Each processor 112 is configured as a control unit that performs overall control of the server 101, and a terminal (not shown) connected to another server 101 or the network 103 via the input / output interface 113 and the network 103, information and data. In addition, it is determined whether or not a failure has occurred in another server 101 by transmitting / receiving a heartbeat signal. Each processor 112 transmits and receives information and data to and from the storage apparatus 102 via the input / output interface 114.

Each storage apparatus 102 includes a plurality of input / output interfaces 141, a controller 142, and a plurality of storage devices 143, and each unit is connected to each other via

internal buses

144 and 145. Each input / output interface 141 is arranged corresponding to each server 101 and connected to the input / output interface 114 of each server 101. Each storage device 143 is arranged corresponding to each server 101. In each storage device 143, data 151 (151-11,..., 151-1N,..., 151-M1,...) To be managed (accessed) by each server 101 is stored in each storage device 143. Stored as file data.
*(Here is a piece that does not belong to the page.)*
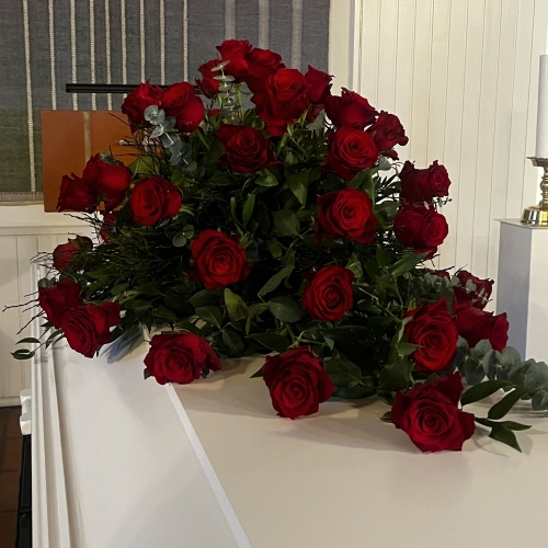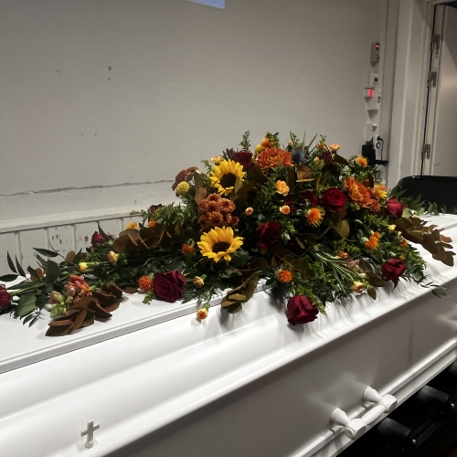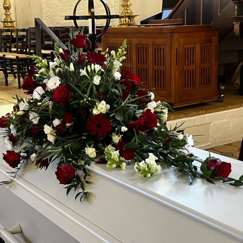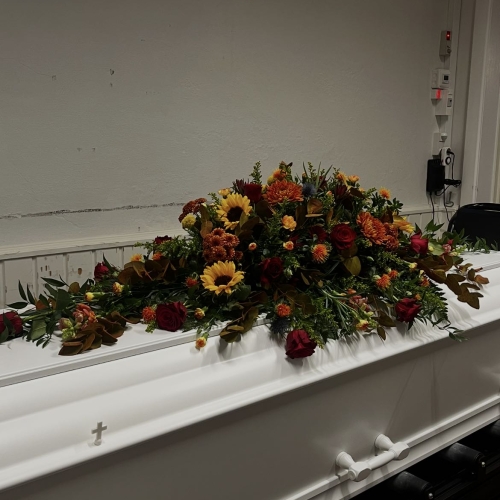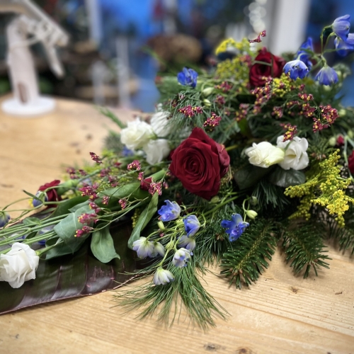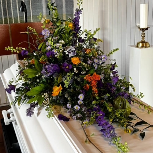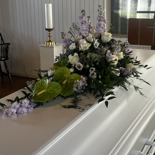 Vi tilbyder et bredt udvalg af begravelsesbinderi – fra kistepynt og kranse til bårebuketter og hjerteformede dekorationer. Hver opgave bliver løst med respekt, ro og forståelse for den svære stund.

Each controller 142 performs overall control of the entire storage apparatus 102 and responds to an access request (read request or write request) from each server 101 to input / output data (files) to / from the storage area of the designated storage device 143. Control. At this time, a logical unit (LU) that is a management target (access target) of each server 101 is set in the storage area (storage area) of each storage device 143. For example, in the storage area of each storage device 143 corresponding to the server 101 (server 11 to server 1N) belonging to the cluster # 1, LU11 to LU1N are set as logical units LU and belong to the cluster 100 #n. LUM1 to LUMN are set as logical units LU in the storage area of each storage device 143 corresponding to the server 101 (server M1 to server MN).
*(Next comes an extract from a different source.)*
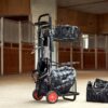 HorseGuard Trolley med 2 korgar är en praktisk stallvagn som ger god ordning och smidig förvaring av utrustning i vardagen. Vagnen är utrustad med två rymliga korgar som rymmer striglar, skötselprodukter och annan stallutrustning. Den integrerade sadelhållaren samt krokar för grimma, träns och tillbehör gör den till en komplett lösning i stallet. Den robusta konstruktionen är anpassad för daglig användning och hjulen gör vagnen lätt att flytta, även på ojämnt underlag. Ett kompakt men rymligt hjälpmedel för ryttare som vill ha ordning och överblick.

FIG. 2 is a configuration diagram of the load timing setting information table. In FIG. 2, a load timing setting information table 131 is a table stored in the table storage unit 130 of the file system 123 in each server 101, and manages the timing for loading a plurality of files into the file system 123. The table includes a file name field 131A and a file load designation field 131B.

The file name is a name for specifying each file stored in the file system 123. For example, information of “file 1” is stored in the entry of the file name field 131A. As the file name, a directory name for representing the entire file under a specific directory, or a wild card for indicating a specific file name pattern (a symbol that can be used in place of a character, for example, “*” or “?”). ) May be specified. The file load designation is information for designating the timing for loading each file into the file system 123. In the entry of the file load designation field 131B, for example, when the file 1 or the entire file 3 is loaded into the file system 123 when the program 121 is activated, information of “all loads at activation” is stored. In addition, when part of the file 2 is loaded into the file system 123 when the program 121 is activated, information of “partial load at activation” is stored. Further, when the program 121 accesses the table in the file system 123 for the first time, when loading the entire file 4 into the file system 123, information of “full load at first access” is stored. In addition, when the program 121 accesses the table in the file system 123 for the first time, when loading a part of the file 5 into the file system 123, information of “partial load at first access” is stored.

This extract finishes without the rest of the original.